[Date Prev][Date Next][Thread Prev][Thread Next][Date Index][Thread Index]

libraries and external charset detection (was: Re: well-formedness error)




At 19:29 04/06/16 -0400, Sam Ruby wrote:


As far as I know, NONE of the popular libraries, on all the popular platforms, and in all the popular languages, take RFC 3023 into consideration. Nor do they provide ANY mechanism for the caller to indicate the "Presence of External Encoding Information" [1].

The way the feed validator accomplishes this function is to actually open the stream, peek at the first few bytes, determine the declared encoding, and actually REPLACE the prolog if necessary to get these to match.

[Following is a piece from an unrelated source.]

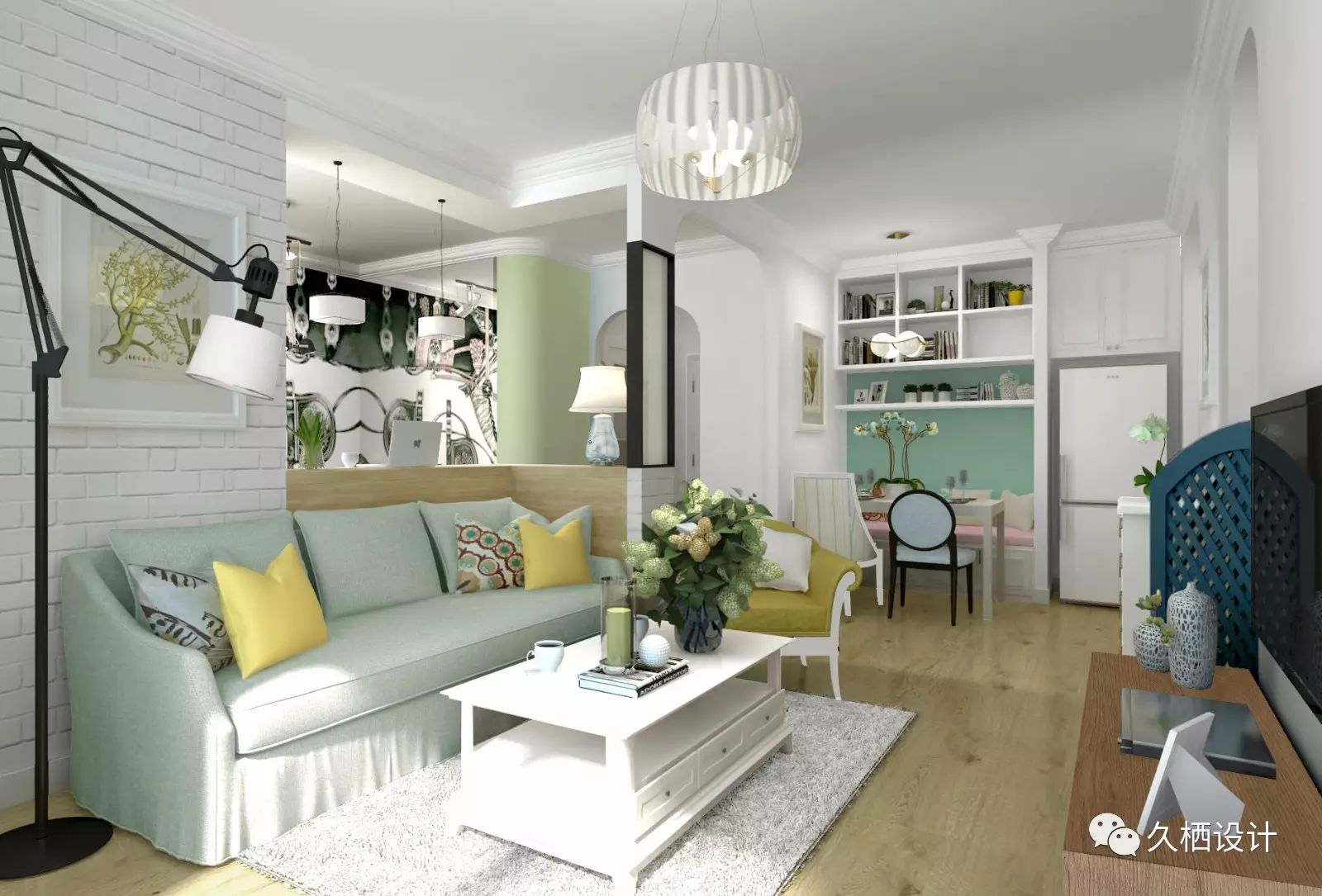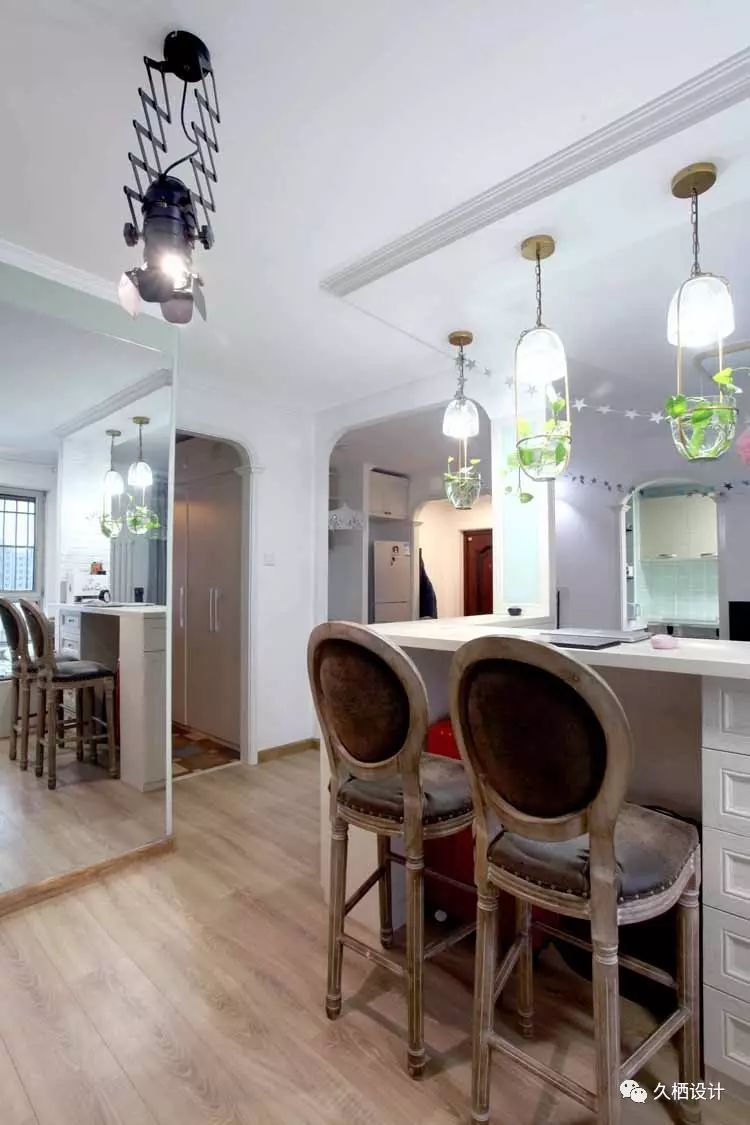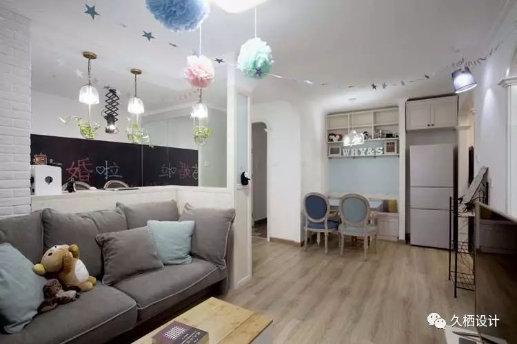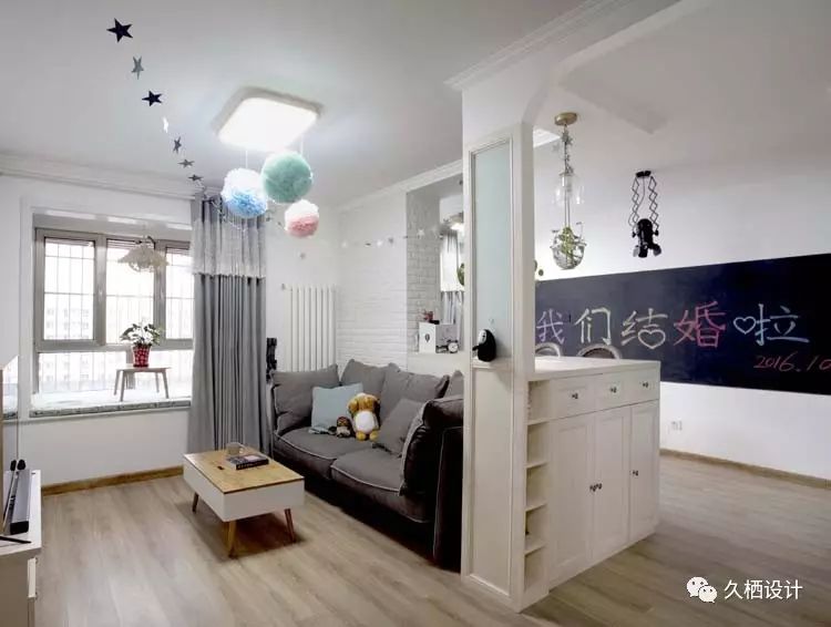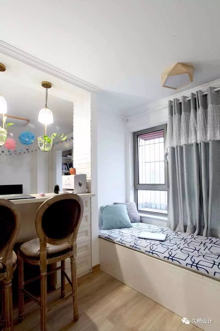 业主是一对年轻夫妻,打算利用原来的老房改造近十年前的装修风格,打造属于自己的两人世界,由于需求量较大,设计师在格局上重做调整。利用原来的一间卧室打通与客厅的联系,以似分隔未分离的方式,将鲜活的临近主题色延续在每一个空间当中,朴实质感的砖片造型墙与木质吧台相结合,围绕在舒适的沙发旁,不禁让人驻足停留。室外的清心空气随风穿堂过室,不受约束的贯穿空间中每一道宽敞的过道,追溯着人们心中对风雅玩趣的生活向往——来源久栖设计TopDesign︱旧屋换新话说这样的二人世界就是要把生活整理成自己喜欢的模样
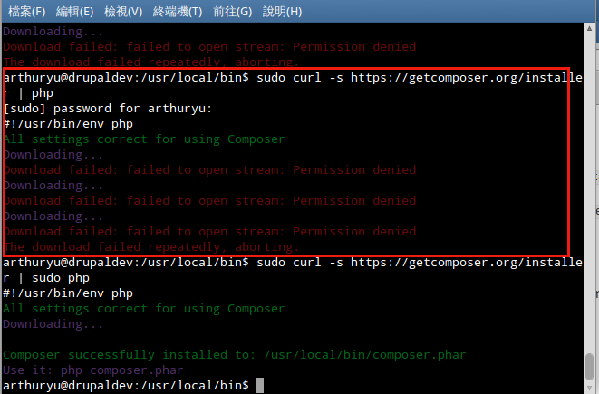 要注意的是,如果沒有在 php 前面加上 sudo 的話,就會出現上圖上半部的錯誤訊息。

The way the RDF validator at http://www.w3.org/RDF/Validator/ does it is to look at headers and maybe the first few bytes of the actual document to determine the encoding, and then decodes the bytes stream and hands the document over to the parser as as stream of characters. The parser then doesn't look at the encoding pseudo-attribute anymore, because it already gets characters. This depends on using a language such as Java that makes a clear distinction between bytes and characters, and on using a parser that takes the document as a stream of characters.

Regards, Martin.

P.S.: The code is at http://dev.w3.org/cvsweb/java/classes/org/w3c/rdf/examples/ARPServlet.java
There is some similar code at
http://validator.w3.org/source/. You are free to reuse/copy/adapt it.

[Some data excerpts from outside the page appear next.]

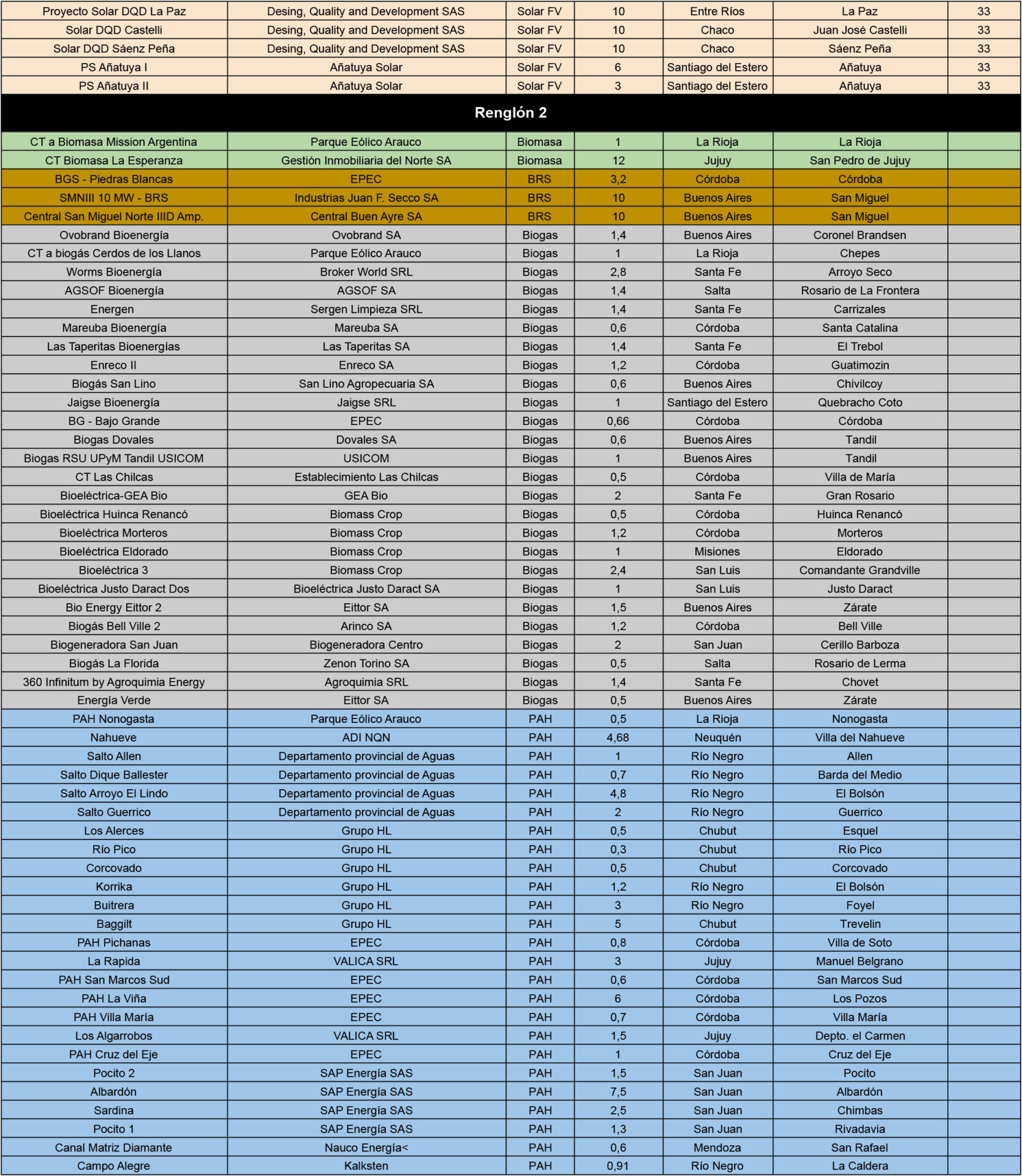 El segundo renglón de la licitación corresponde a proyectos orientado a la diversificación de la matriz energética que permitan incorporar generación renovable de pequeña escala, por una Potencia Requerida Máxima de 120 MW, para las tecnologías de biomasa que no hayan sido adjudicadas en el Renglón 1, de biogás, biogás de relleno sanitario y de pequeños aprovechamientos hidroeléctricos.
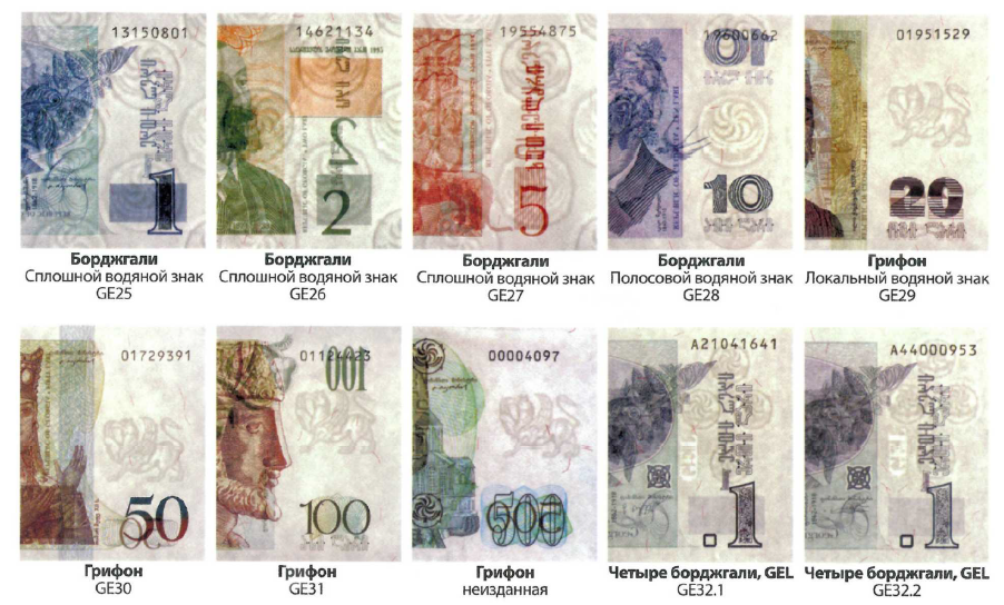 Водяной знак: Логотип Национального банка Грузии и надпись 'GEL'
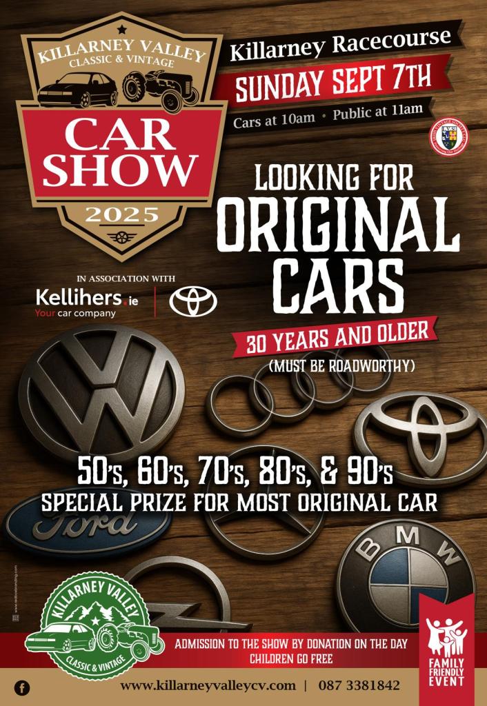 The event is presented in association with Kelliher’s Toyota. Further details are available at www.killarneyvalleycv.com or by phone at 087 3381842.
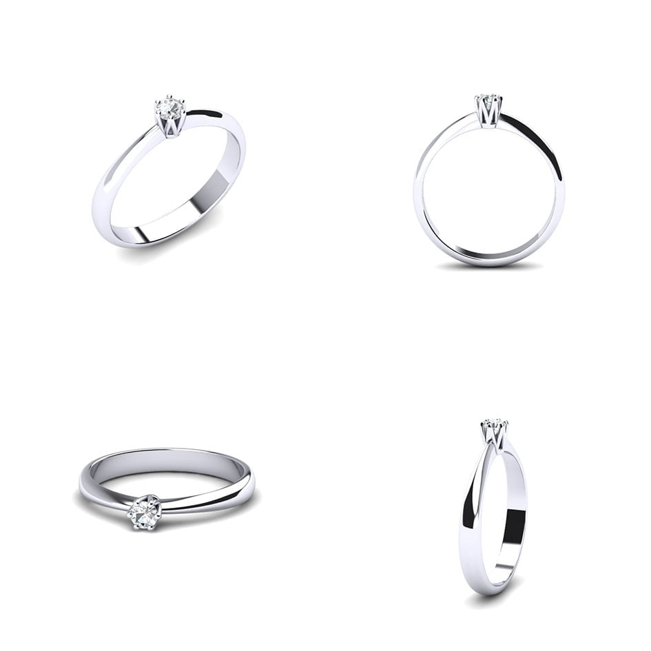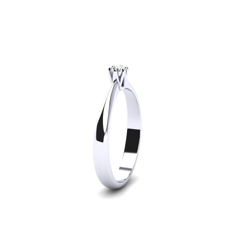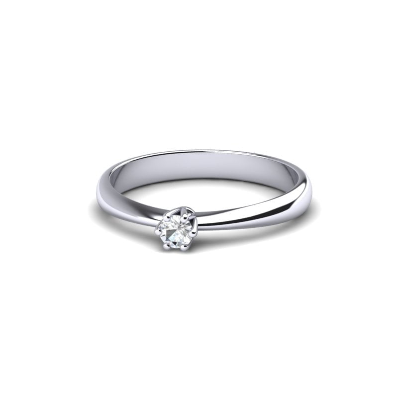 Centralni element prstena je prirodni dijamant, pažljivo postavljen u središte. Njegov blistav i čist izgled odmah privlači pažnju i postaje dominantna tačka prstena. Šest krapni čvrsto drže dijamant na mestu, pružajući sigurnost i stabilnost, ali istovremeno omogućavaju maksimalan prolazak svetlosti kroz kamen sa svih strana. Tako dijamant dobija pun sjaj i zrači impresivnom briljantnošću.

Perhaps somebody out there will know of one or more libraries that actually do provide such support or interface; and if so, I would be interested in hearing about it. But even if such occurs, this would not change the reality that the overwhelming majority of applications and libraries consider the XML prolog to be authoritative.

- Sam Ruby

[1]<http://www.w3.org/TR/2000/REC-xml-20001006#sec-guessing-with-ext-info>